▸ **WORK INSTRUCTION**
Word for word, return the lines below from the first through the line that has "Перейдите в пункт", dropping the pictures.
== COLLECTED DATA
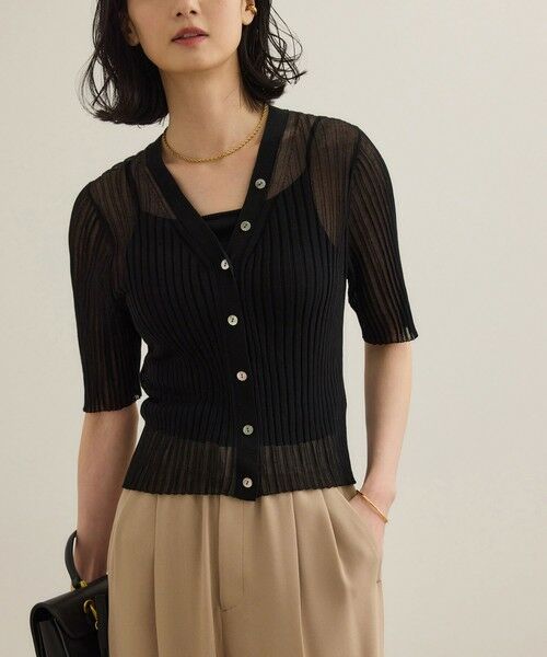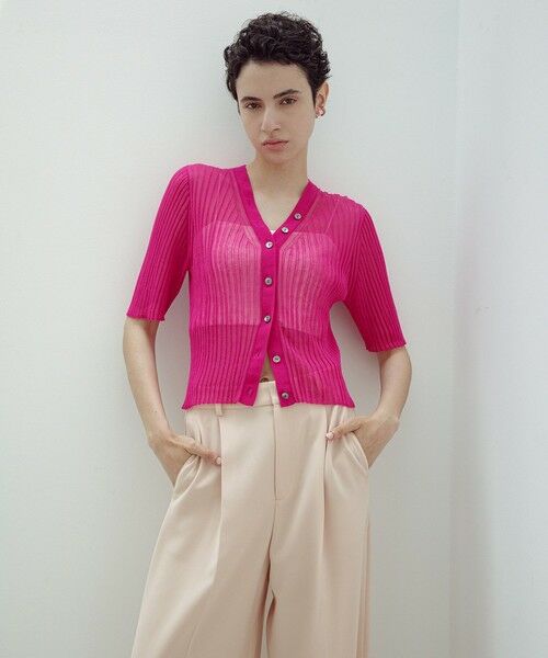 Vネックのコンパクトな五分袖カーディガン。フロントを上まで留めたり、少し開けたラフなアレンジも決まりやすく、羽織だけではないスタイリングを楽しめるアイテムです。上2つの釦はかざりになっています。
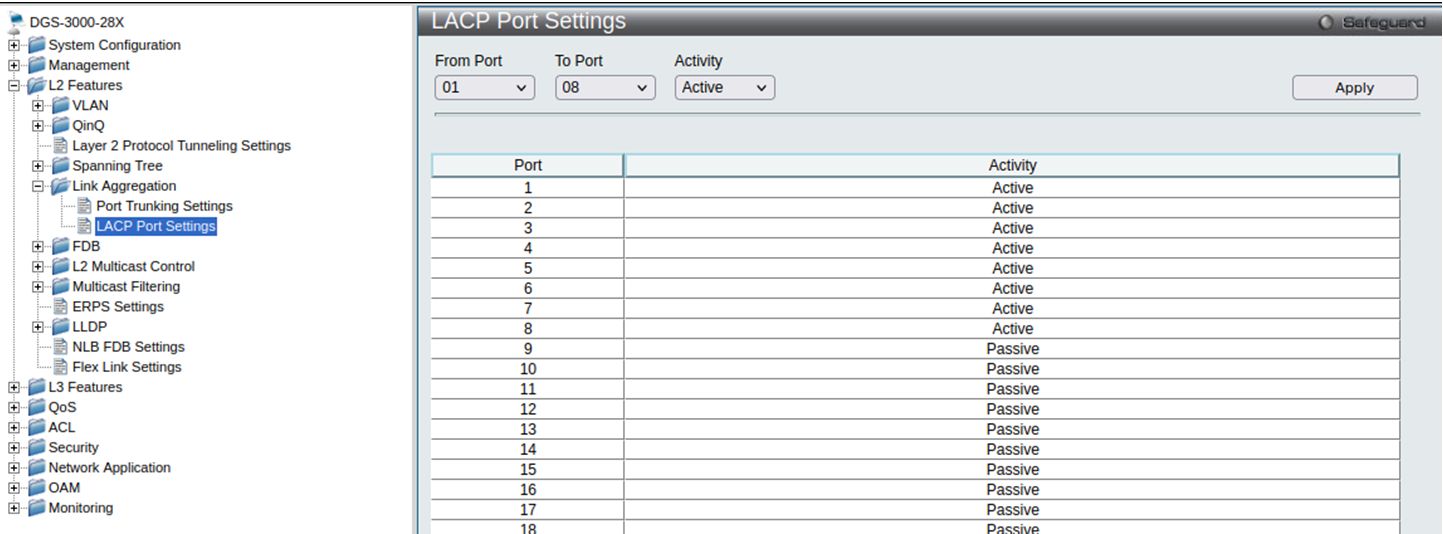 Перейдите в пункт меню Link Aggregation → LACP Port Settings. Выберите в поле Activity режим работы портов Active. Нажмите Apply.
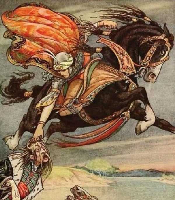 Вообще, весь облик всадника просто кричит о том, что им владеют прямо противоположные устремления, причём одновременно. Его ноги – в стременах и готовы ударить лошадь с размаху пятками. В то же время сидит он в седле очень некрепко, в развалочку, как Илья, чуть ли не курит. Он считает, что враг ещё не подошёл на расстояние выстрела из лука, или он считает, что пора лететь? Если лететь, то в каком направлении?
====
▸ **REPLY TO THE TASK**
 Vネックのコンパクトな五分袖カーディガン。フロントを上まで留めたり、少し開けたラフなアレンジも決まりやすく、羽織だけではないスタイリングを楽しめるアイテムです。上2つの釦はかざりになっています。
 Перейдите в пункт меню Link Aggregation → LACP Port Settings. Выберите в поле Activity режим работы портов Active. Нажмите Apply.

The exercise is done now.